Crackdown intensifies

On February 9, the SEC (Securities and Exchange Commission) announced charges against Kraken, which agreed to a $30 million settlement and suspension of staking services in the US. Shortly afterward, Paxos Trust Co., which issues stablecoins like PAX and PAXG, ceased minting BUSD due to the orders of New York state's regulator and the SEC's intention to file a lawsuit.

Across the pond, the Basel Committee on Banking Supervision (BCBS) has obliged EU banks to cap their cryptocurrency holdings in light of inherent exposure risks. On February 9, the bloc also published new draft rules obliging banks to keep their digital asset holdings fully backed with capital until December 2024. This legal draft is yet to receive parliamentary approval.

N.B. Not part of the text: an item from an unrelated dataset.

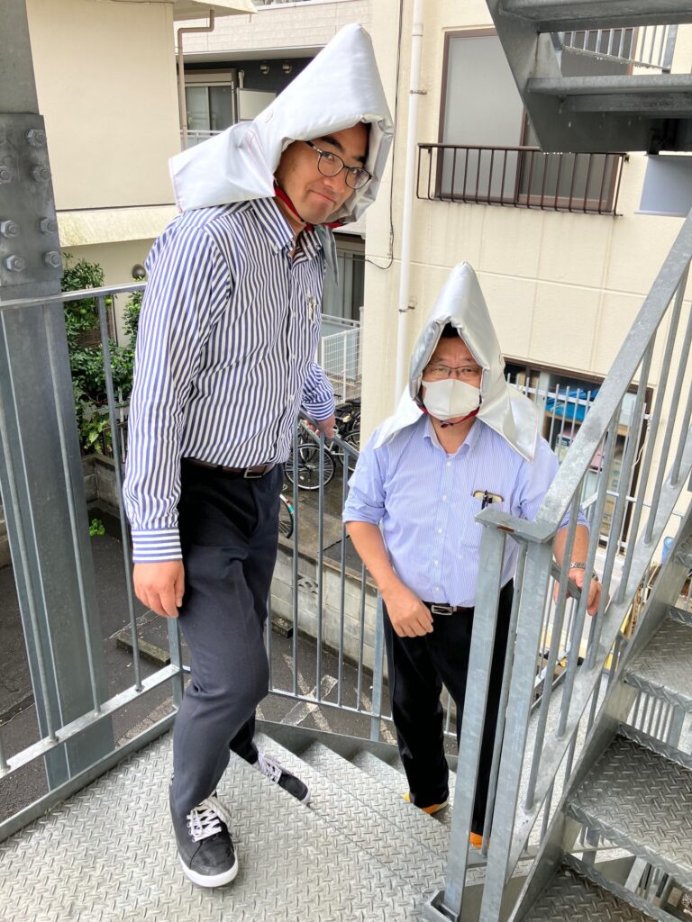 当日はあいにくの雨で避難場所である近くの公園までは行けませんでしたが、外や建物の損害状況の確認、ネットやラジオでニュースの確認、社内にいない人の安否確認等・・・それぞれの役割分担のシミュレーションも行いました。

On Wednesday, February 15, it came to light that the SEC had charged Terraform Labs and its founder and CEO, Do Hyeong Kwon (aka Do Kwon), with securities fraud involving Terra USD and LUNA. Two days later, the regulator came down on former NBA star Paul Pierce for shilling a little-known cryptocurrency. Pierce agreed to pay over $1.4 million in penalties for failing to disclose the amount received for promoting EthereumMax on Twitter. Previously, Kim Kardashian got fined $1.26 million for shilling the same token on Instagram.

Backlash is brewing

Last week, crypto executives and evangelists took to Twitter to criticize the SEC's aggressive maneuvers. Jesse Powell, Kraken's founder and former CEO, tweeted, "Operation Chokepoint 2.0 is in full effect. It's no coincidence that every financial regulator in the country is attacking mundane, respectable, domestic crypto businesses in the past week. There is no interest in supervising crypto. Everything being done is to shut it down."

Meanwhile, SEC Commissioner Hester Pierce issued a statement addressing the regulator's crypto custody proposal. This document questions its "workability" and timing due to the sheer scope of implications for investors, advisors, and custodians. Describing the timeline as overly aggressive, Pierce also mentioned jurisdictional concerns and other potential setbacks.